The SHA256 hash is a 256-bit (32 byte) hash of the Utf16 string. Like any hash, it doesn’t create a 100% unique hash for every possible input string, but it is close enough that we aren’t going to worry about it. At least not yet. After all SHA2 was good enough for a long time.
But then the code takes only 40-bits (8 bytes) of that hash and performs a Encode32 operation on it, turning it into a 13 byte value. This is a simple formatting exercise of the bits and is completely reversible, and we usually think about such encodings to allow binary data to be treated as characters. Those are the 13 characters that we see.
Using only a quarter of the generated hash completely invalidates the uniqueness and probably opens the door for someone to generate a publisher field resulting in the same 13-byte string. This doesn’t compromise security as you still need for the associated code-signing certificate to be installed as a trusted certificate, but it certainly seems like an odd compromise to keep the size of the Package Family Name field down; most likely just to reduce the size of the folder name.
I simply fail to see the wisdom of the package family name. It does not add to the identity of the package, and causes additional issues.

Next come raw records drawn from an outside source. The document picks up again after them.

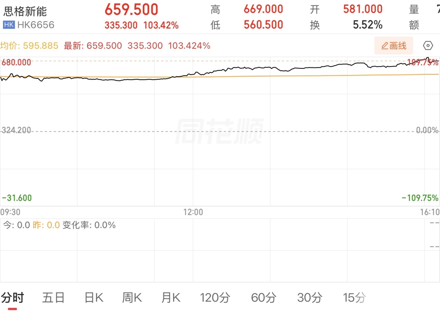 想格新动力首日收盘报659.5港元,来自同花顺。
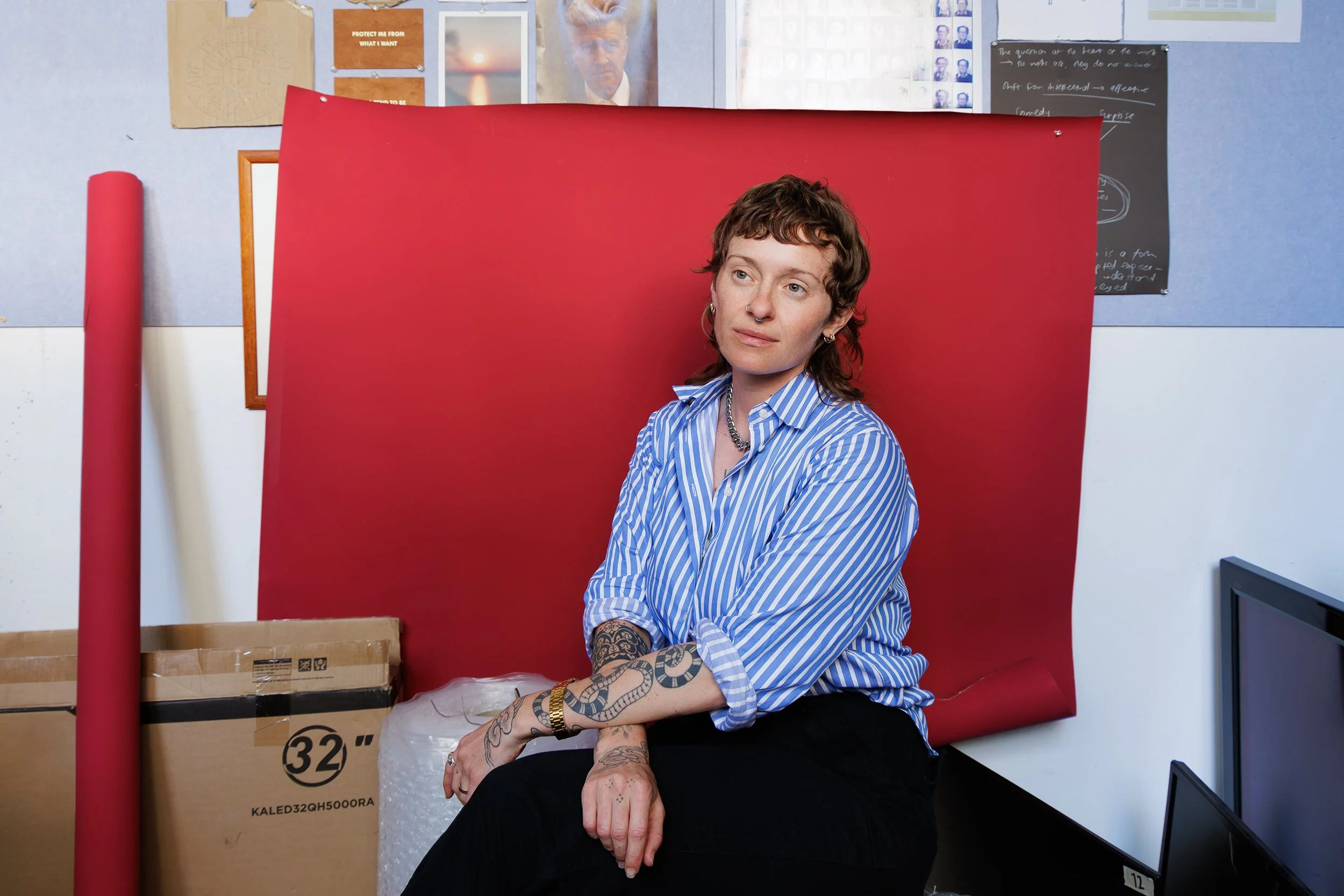 She makes work about anxiety, intimacy and absurdity. She has a particular interest in the body, and the ways in which it escapes our control, as well as how apprehension of disaster impacts our sense of the present.
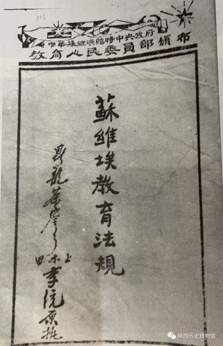 中央人民教育委员部颁布的《苏维埃教育法规》,其中对学校的体育运动场地、运动器材以及体育教学方法等均有明文规定。
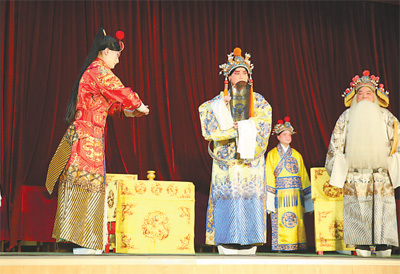图为武汉楚剧院到湖北省武汉市新洲区潘塘文化中心开展送戏下乡活动,演出经典剧目《打金枝》。王郭骥 摄
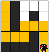 다음은 5 x 5 크기의 맵에, 당신의 캐릭터가 (행: 1, 열: 1) 위치에 있고, 상대 팀 진영은 (행: 5, 열: 5) 위치에 있는 경우의 예시입니다.
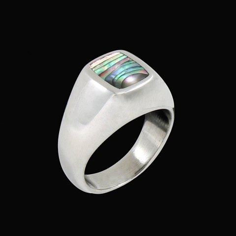 Palle Bisgaard - Denmark. Ring i sterlingsølv med Abelone #6. 1960erne

For example, if someone wants to provide an upgraded package by using the same package name and higher version string, as long as they use the same certificate the system will recognize the upgrade scenario as the Package Family Names match.
But should I use a different certificate that has an altered Publisher Name it will be treated as a separate package and installed in parallel. This could happen due to company mergers. Or if someone gets the app from the Microsoft Store (where it is signed by Microsoft on my behalf using a different Publisher string) and wants to upgrade using a download directly from my website where I sign it with my certificate purchased through a CA. Or when my code-signing certificate expires later this year (they are not renewable) and I have to buy a new one. In my case, the CA has since been acquired by a different CA and I can’t be sure that I will end up with an identical Subject field in the new cert.
But this is what we have to work with. Hopefully my investigation will help you with whatever you are facing that caused you to find this post!
UPDATE: June 25, 2021
Well my old cert has now expired and I don’t have a good replacement because the new CA has failed yet again to produce a new cert with a matching subject field. Without it, I can’t release new MSIX packages and have my customers get that smooth upgrade experience; they’d have to uninstall, install, and loose their settings.
I might be the first to run into this, but a surely won’t be the last!